▼▼▼

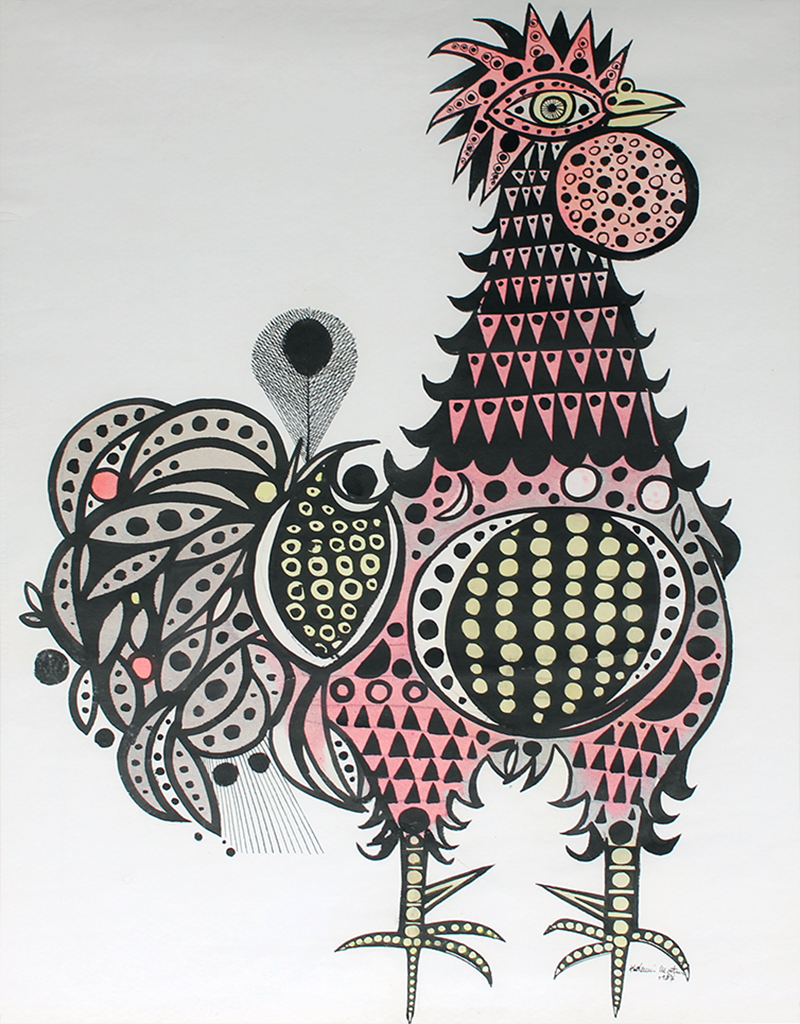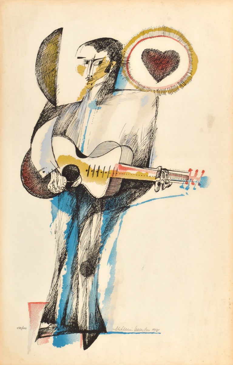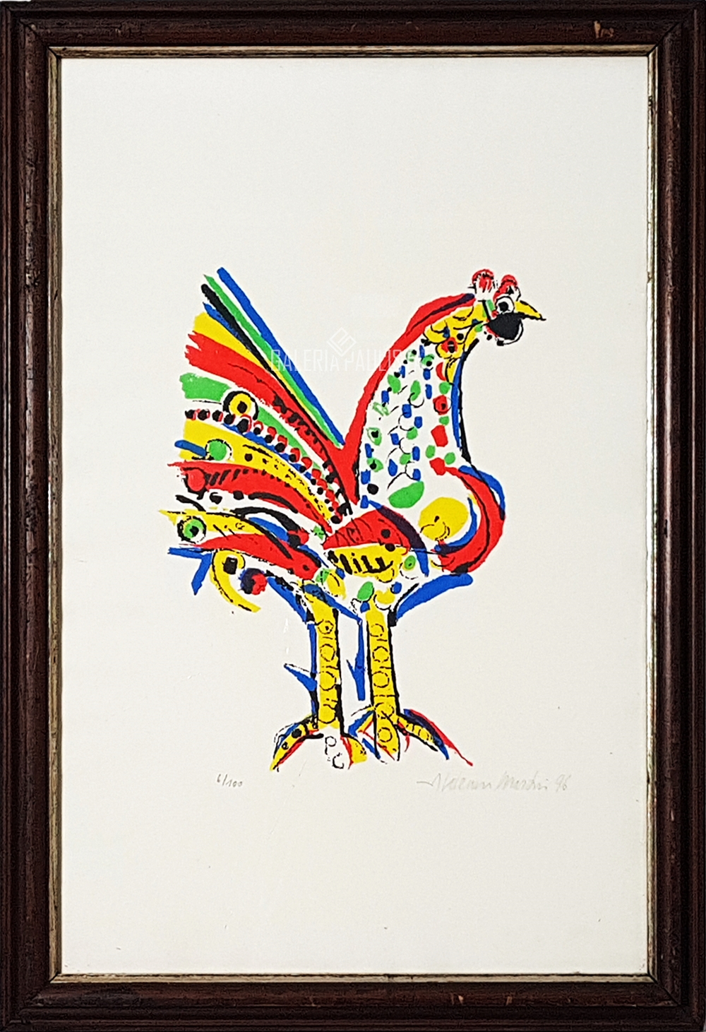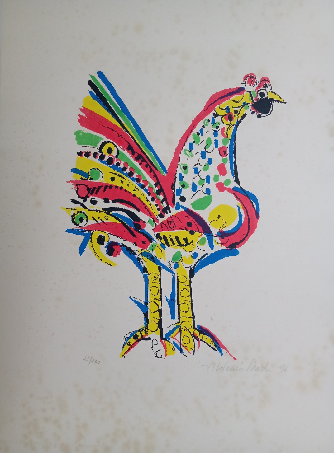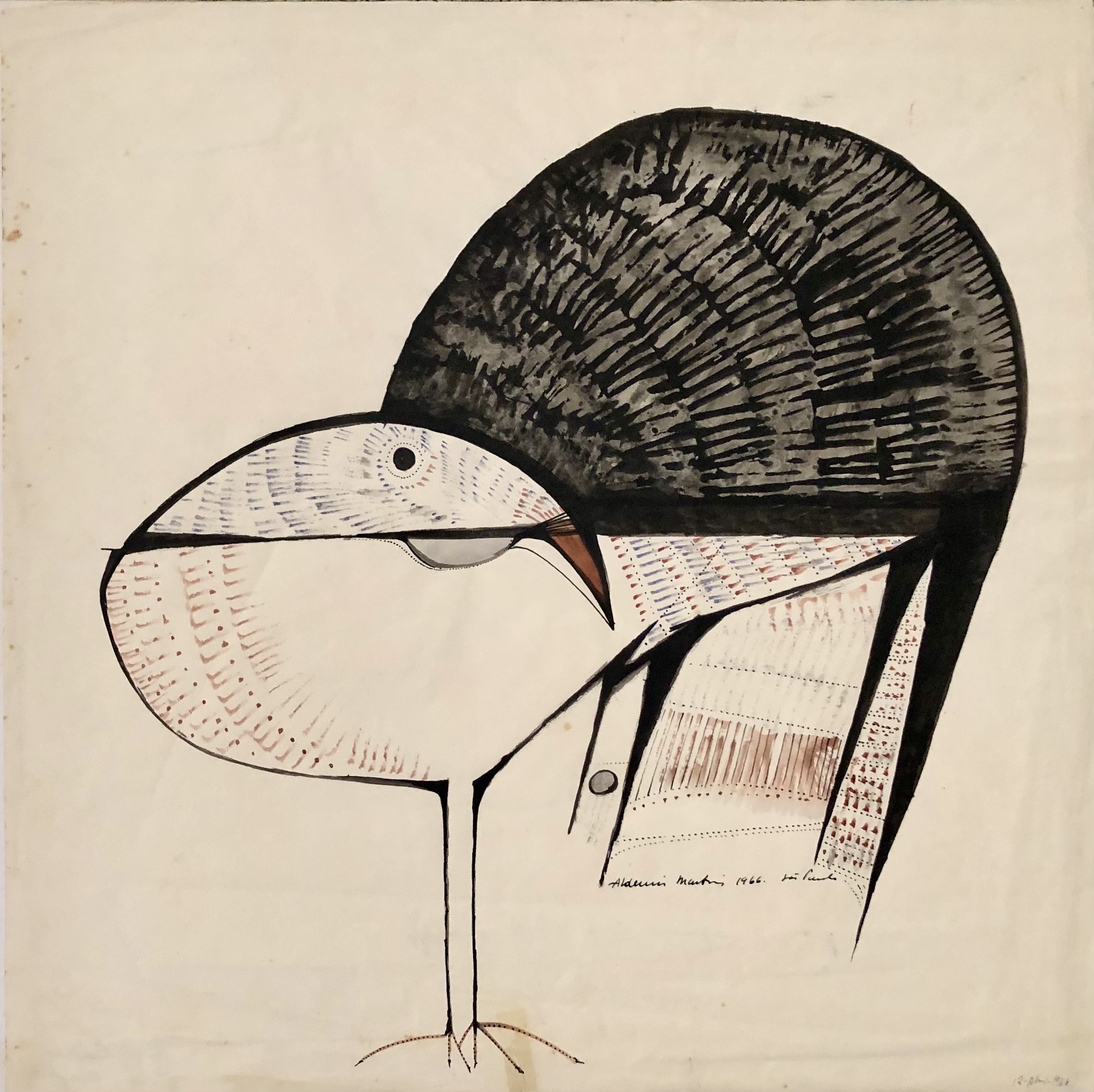 Aldemir Martins (Ingazeiras CE 1922 - São Paulo SP 2006). Pintor, gravador, desenhista, ilustrador. Em 1941, participa da criação do Centro Cultural de Belas Artes, em Fortaleza, com Antonio Bandeira (1922-1967), Raimundo Cela (1890-1954), Inimá de Paula (1918-1999) e Mario Baratta (1915-1983), um espaço para exposições permanentes e cursos de arte. Três anos depois, a instituição passa a chamar-se Sociedade Cearense de Artes Plásticas - SCAP. Aldemir Martins produz desenhos, xilogravuras, aquarelas e pinturas. Atua também como ilustrador na imprensa cearense. Em 1945, viaja para o Rio de Janeiro, e, menos de um ano depois, muda-se para São Paulo, onde realiza sua primeira individual e retoma a carreira de ilustrador. Entre 1949 e 1951, freqüenta os cursos do Museu de Arte de São Paulo Assis Chateaubriand - MASP e torna-se monitor da instituição. Estuda história da arte com Pietro Maria Bardi (1900-1999) e gravura com Poty Lazzarotto (1924-1998). Em 1959, recebe o prêmio de viagem ao exterior do Salão Nacional de Arte Moderna e permanece por dois anos na Itália. Desde o início da carreira sua produção é figurativa, e o artista emprega um repertório formal constantemente retomado: aves, sobretudo os galos; cangaceiros, inspirados nas figuras de cerâmica popular; gatos, realizados com linhas sinuosas; e ainda flores e frutas. Nas pinturas emprega cores intensas e contrastantes.
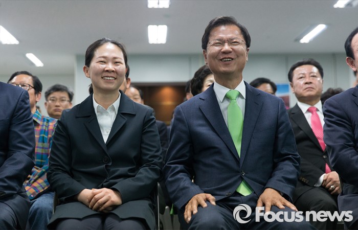 (광주=포커스뉴스) 제20대 국회의원 선거일인 13일 오후 광주 서구 국민의당 광주광역시당에서 천정배(오른쪽) 국민의당 공동대표와 권은희 국민의당 광산구을 후보가 출구조사 결과를 보고 있다.
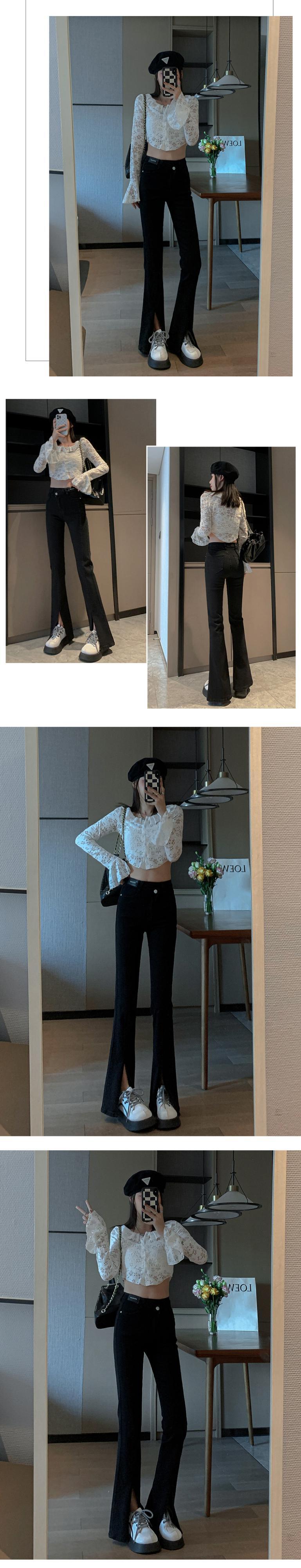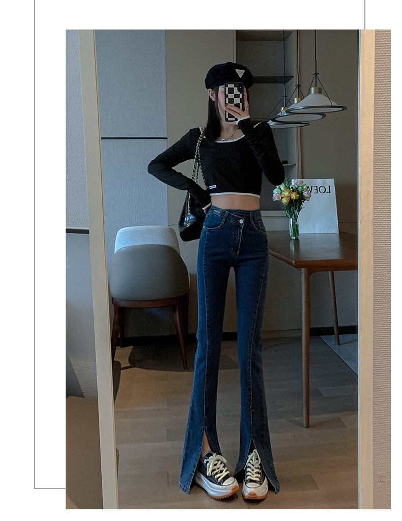 スタイルの斜めバックル スリット デザイン ニッチ フレア パンツ スリム フィット マイクロブレード オールマッチ ジーンズ 女性のチベットの肉は薄くて不規則です レッド youqi50240701369
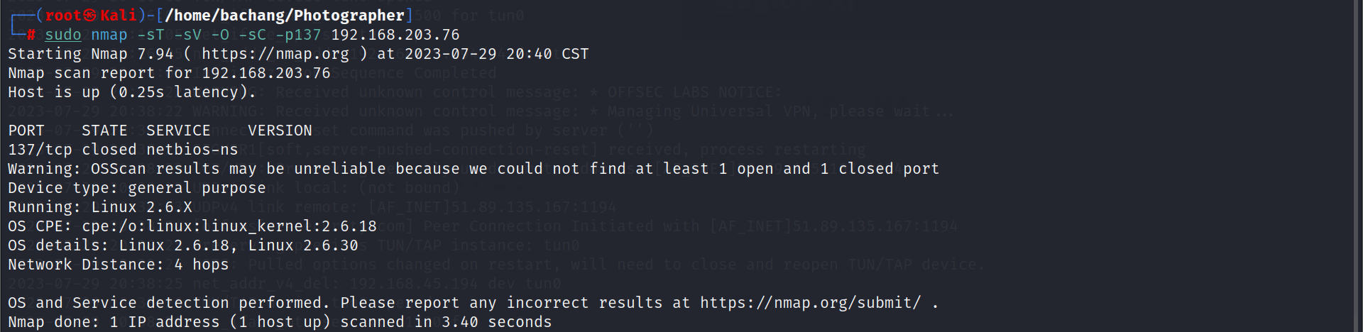 sudo nmap -sT -sV -O -sC -p137 192.168.203.76
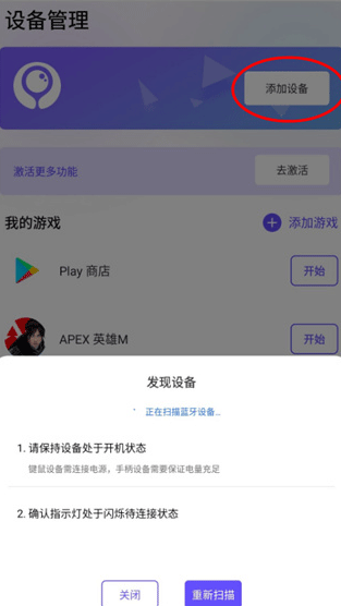 3、第一步,开启设备的电源开关,待蓝灯进入慢闪状态。随后,在软件界面点击“添加设备”并启动扫描,扫描成功后便完成连接流程。
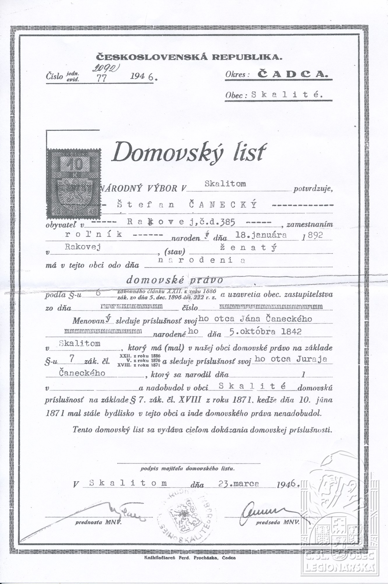 Datum narození:18.1.1892 20.1.1894
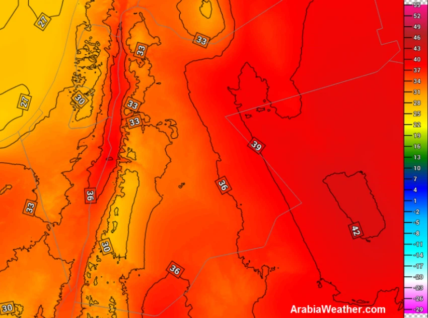 * خريطة لدرجات الحرارة العظمى المتوقعة نهاية الأسبوع،
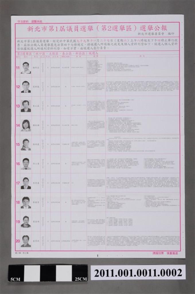 新北市選舉委員會編印《新北市第1屆議員選舉(第2選舉區)選舉公報》第2張
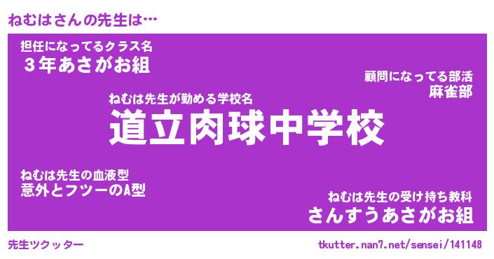 | ヘコむあだ名 | 『ねむふぇ~』『酢こんぶ』 |
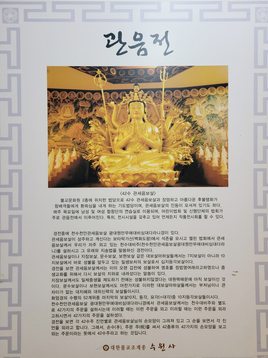 안내문에 따르면, 이 42수는 관세음보살의 손 모양을 따라 42가지의 손으로 변하면서 그 수에 연결된 42가지의 주문을 외우며 원하는 바를 이루어준다고 합니다. 수원사 관음전에서는 매주 목요일에 합창단의 합주실로도 이용되는 등, 신행(信行)과 문화가 공존하는 공간임을 보여줍니다.
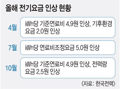10월: kwh당 기준연료비 4.9원 인상, 전력량 요금 2.5원 인상
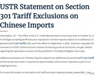 美国宣布对华3000亿关税加征清单将启动关税排除流程!
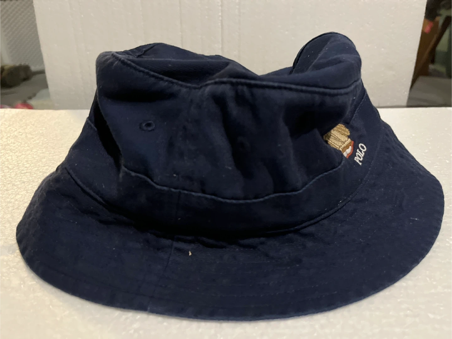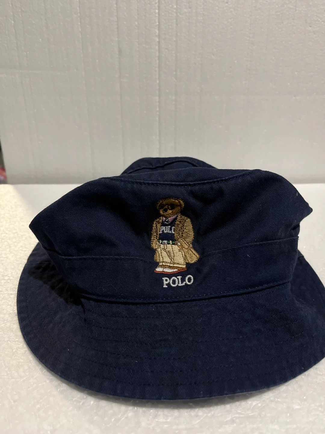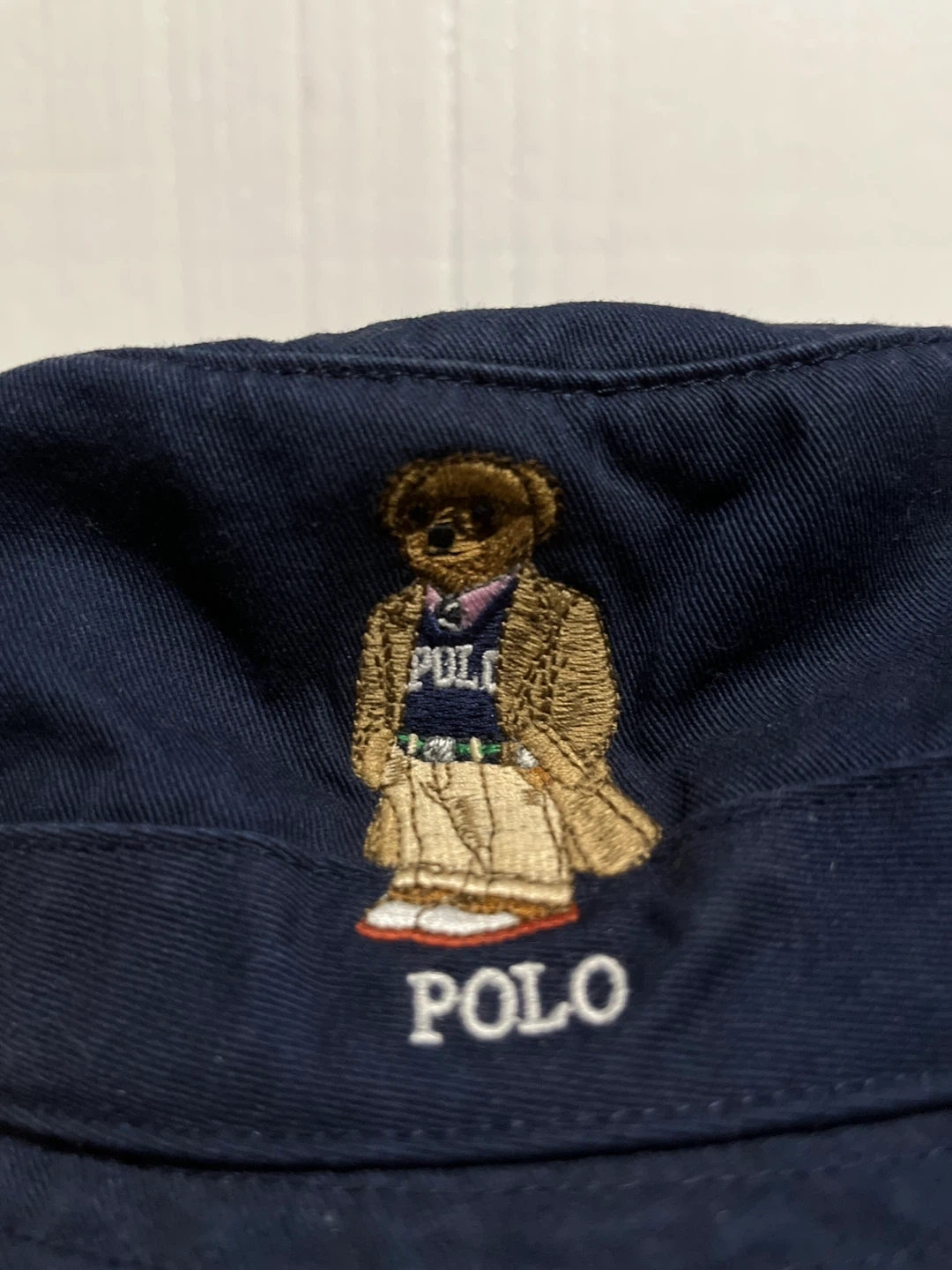 Navy bucket hat from Polo Ralph Lauren featuring a classic bear embroidery. Made from 100% cotton. Size S/M. It's non-reversible with a light blue interior lip.

▲▲▲

**What to do:** Above are the records; set down exactly the lines from the line containing "ヘコむあだ名 | 『ねむふぇ~』『酢こんぶ』 |" through their last line, leaving every picture out.

**Result of this exercise:**
 | ヘコむあだ名 | 『ねむふぇ~』『酢こんぶ』 |
 안내문에 따르면, 이 42수는 관세음보살의 손 모양을 따라 42가지의 손으로 변하면서 그 수에 연결된 42가지의 주문을 외우며 원하는 바를 이루어준다고 합니다. 수원사 관음전에서는 매주 목요일에 합창단의 합주실로도 이용되는 등, 신행(信行)과 문화가 공존하는 공간임을 보여줍니다.
10월: kwh당 기준연료비 4.9원 인상, 전력량 요금 2.5원 인상
 美国宣布对华3000亿关税加征清单将启动关税排除流程!
 Navy bucket hat from Polo Ralph Lauren featuring a classic bear embroidery. Made from 100% cotton. Size S/M. It's non-reversible with a light blue interior lip.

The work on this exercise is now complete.